▶ **Data to process**:
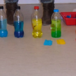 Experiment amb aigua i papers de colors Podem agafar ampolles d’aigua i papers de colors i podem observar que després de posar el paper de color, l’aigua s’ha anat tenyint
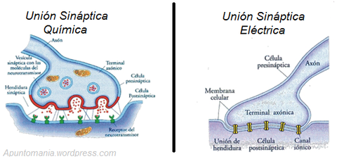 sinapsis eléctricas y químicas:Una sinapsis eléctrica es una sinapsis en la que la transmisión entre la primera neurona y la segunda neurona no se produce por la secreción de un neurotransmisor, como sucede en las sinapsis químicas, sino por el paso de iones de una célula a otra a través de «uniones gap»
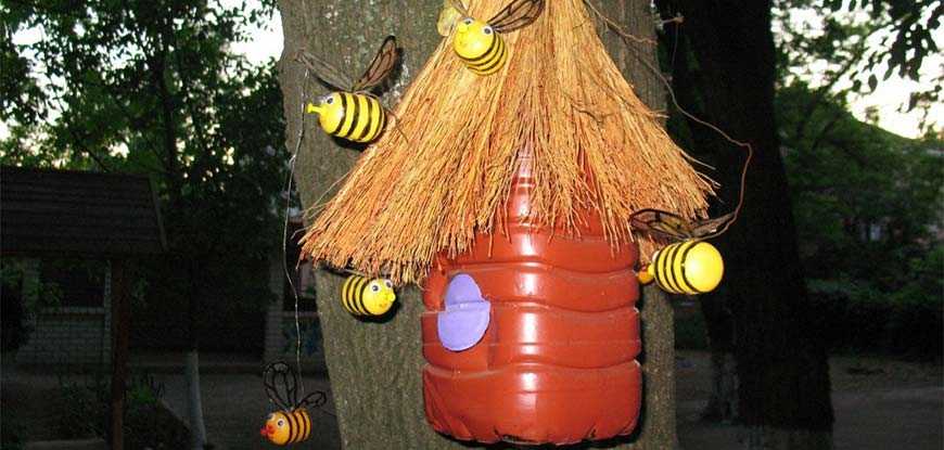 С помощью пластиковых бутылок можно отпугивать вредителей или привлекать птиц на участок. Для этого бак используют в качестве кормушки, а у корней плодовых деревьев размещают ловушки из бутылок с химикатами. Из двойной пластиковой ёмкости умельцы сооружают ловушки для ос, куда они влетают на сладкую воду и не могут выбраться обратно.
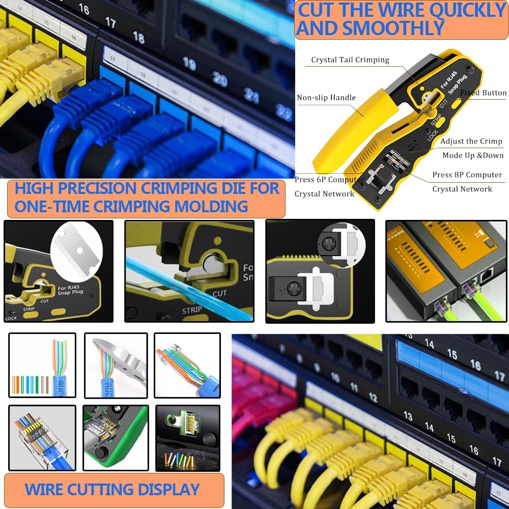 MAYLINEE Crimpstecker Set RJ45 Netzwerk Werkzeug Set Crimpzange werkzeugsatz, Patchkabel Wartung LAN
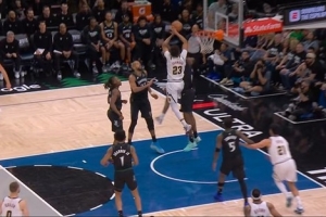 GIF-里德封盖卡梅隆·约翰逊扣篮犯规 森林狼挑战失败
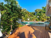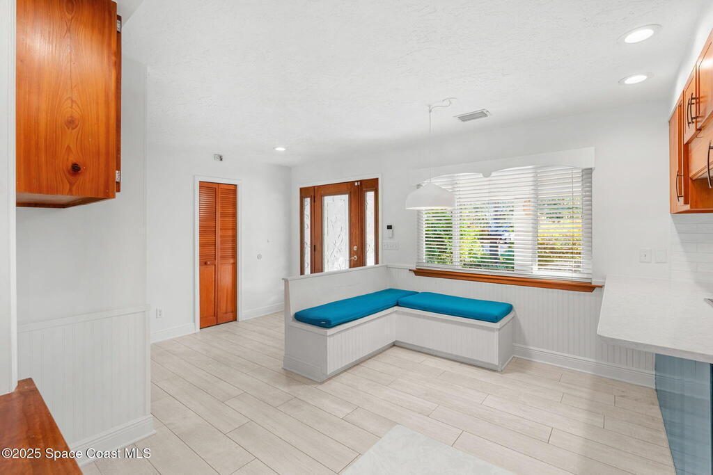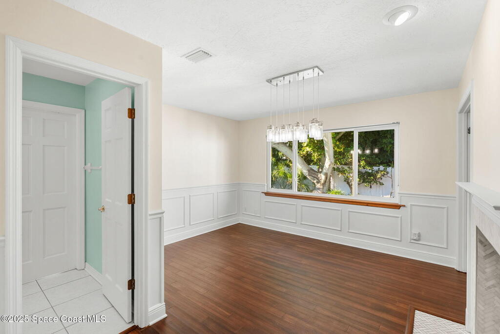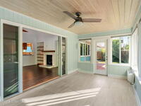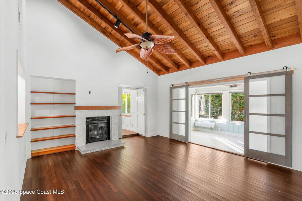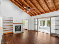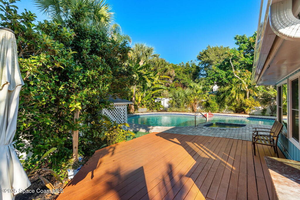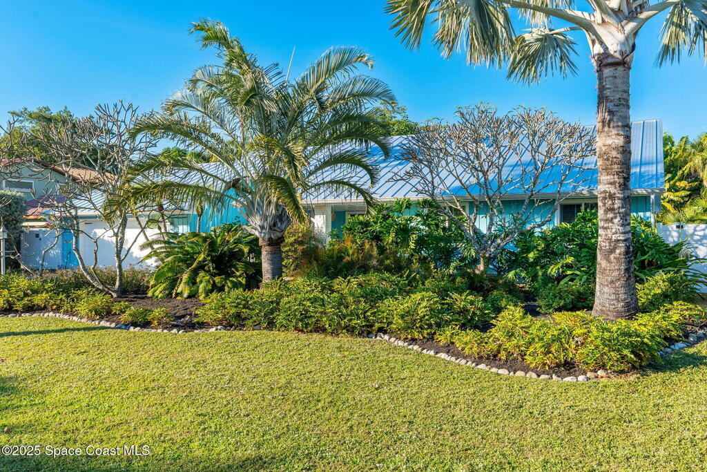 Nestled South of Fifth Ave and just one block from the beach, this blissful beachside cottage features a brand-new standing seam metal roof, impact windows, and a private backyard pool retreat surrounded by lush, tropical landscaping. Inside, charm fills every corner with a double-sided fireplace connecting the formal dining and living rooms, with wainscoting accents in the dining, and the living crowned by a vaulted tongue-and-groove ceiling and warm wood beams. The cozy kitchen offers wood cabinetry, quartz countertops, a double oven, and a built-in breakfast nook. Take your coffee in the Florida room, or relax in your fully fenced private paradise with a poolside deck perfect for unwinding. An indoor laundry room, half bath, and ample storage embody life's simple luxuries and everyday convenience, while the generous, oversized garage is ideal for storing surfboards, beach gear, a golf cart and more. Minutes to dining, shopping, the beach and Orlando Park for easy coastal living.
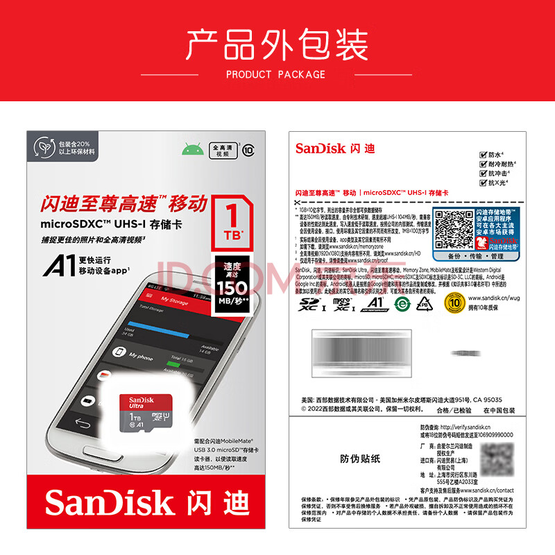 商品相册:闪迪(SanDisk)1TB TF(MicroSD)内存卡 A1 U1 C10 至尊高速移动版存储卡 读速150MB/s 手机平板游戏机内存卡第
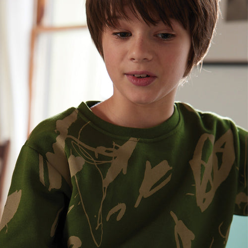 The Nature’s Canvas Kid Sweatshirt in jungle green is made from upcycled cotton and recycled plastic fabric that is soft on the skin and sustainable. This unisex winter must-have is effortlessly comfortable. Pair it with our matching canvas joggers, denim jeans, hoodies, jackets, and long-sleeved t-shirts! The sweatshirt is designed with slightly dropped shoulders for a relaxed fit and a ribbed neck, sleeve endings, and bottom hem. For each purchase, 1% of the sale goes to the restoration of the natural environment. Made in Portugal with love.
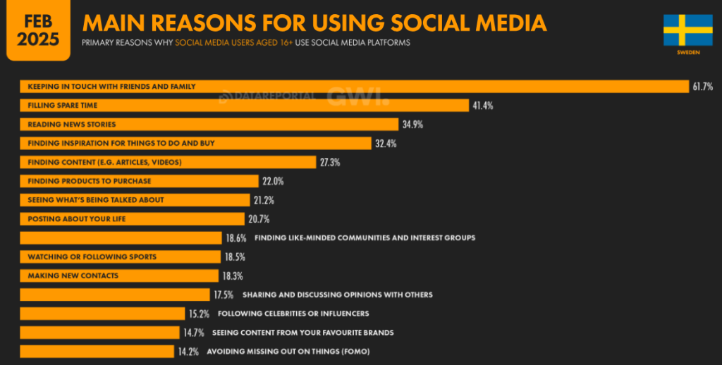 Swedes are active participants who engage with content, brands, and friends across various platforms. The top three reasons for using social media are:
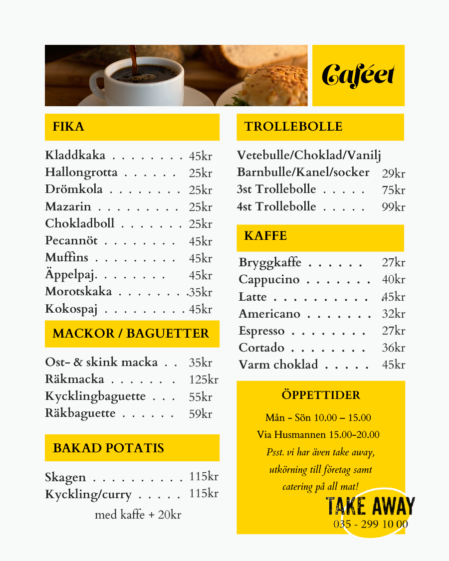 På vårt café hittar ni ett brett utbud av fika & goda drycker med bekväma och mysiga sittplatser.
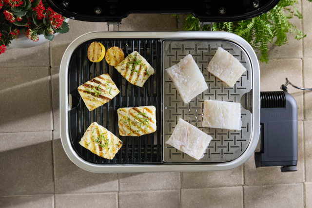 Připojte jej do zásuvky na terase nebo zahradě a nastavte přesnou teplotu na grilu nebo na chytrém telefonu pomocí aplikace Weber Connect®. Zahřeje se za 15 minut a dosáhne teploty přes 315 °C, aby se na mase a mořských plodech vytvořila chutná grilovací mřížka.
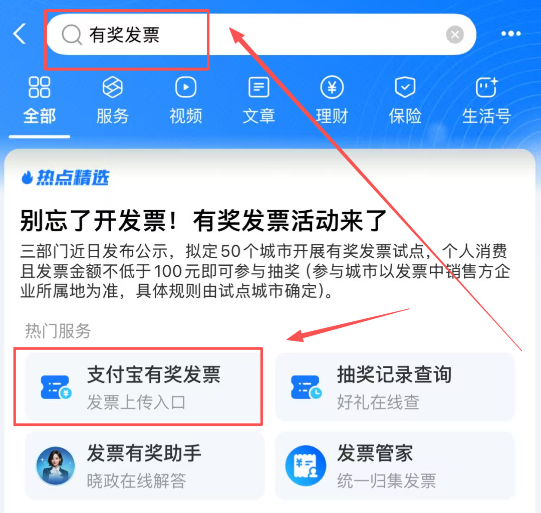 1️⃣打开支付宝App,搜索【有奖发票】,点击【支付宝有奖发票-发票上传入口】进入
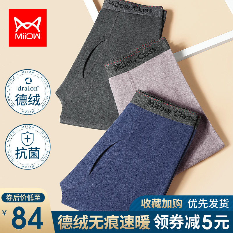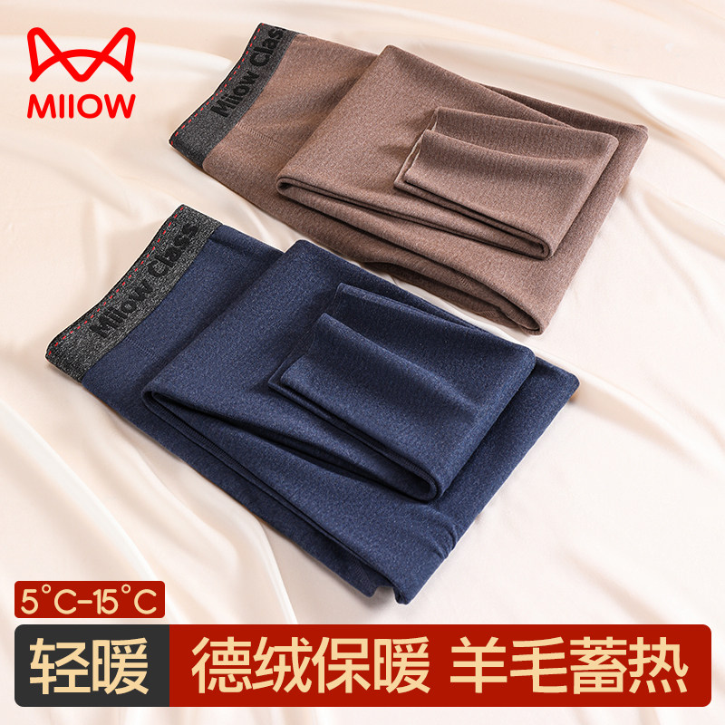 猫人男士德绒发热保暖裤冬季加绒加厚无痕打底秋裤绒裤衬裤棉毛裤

▶ **Activity**:
Leaving every picture out, write out exactly the lines from the one that holds "På vårt café" through the end of the listing, both included.

▶ **Answer box**:
 På vårt café hittar ni ett brett utbud av fika & goda drycker med bekväma och mysiga sittplatser.
 Připojte jej do zásuvky na terase nebo zahradě a nastavte přesnou teplotu na grilu nebo na chytrém telefonu pomocí aplikace Weber Connect®. Zahřeje se za 15 minut a dosáhne teploty přes 315 °C, aby se na mase a mořských plodech vytvořila chutná grilovací mřížka.
 1️⃣打开支付宝App,搜索【有奖发票】,点击【支付宝有奖发票-发票上传入口】进入
 猫人男士德绒发热保暖裤冬季加绒加厚无痕打底秋裤绒裤衬裤棉毛裤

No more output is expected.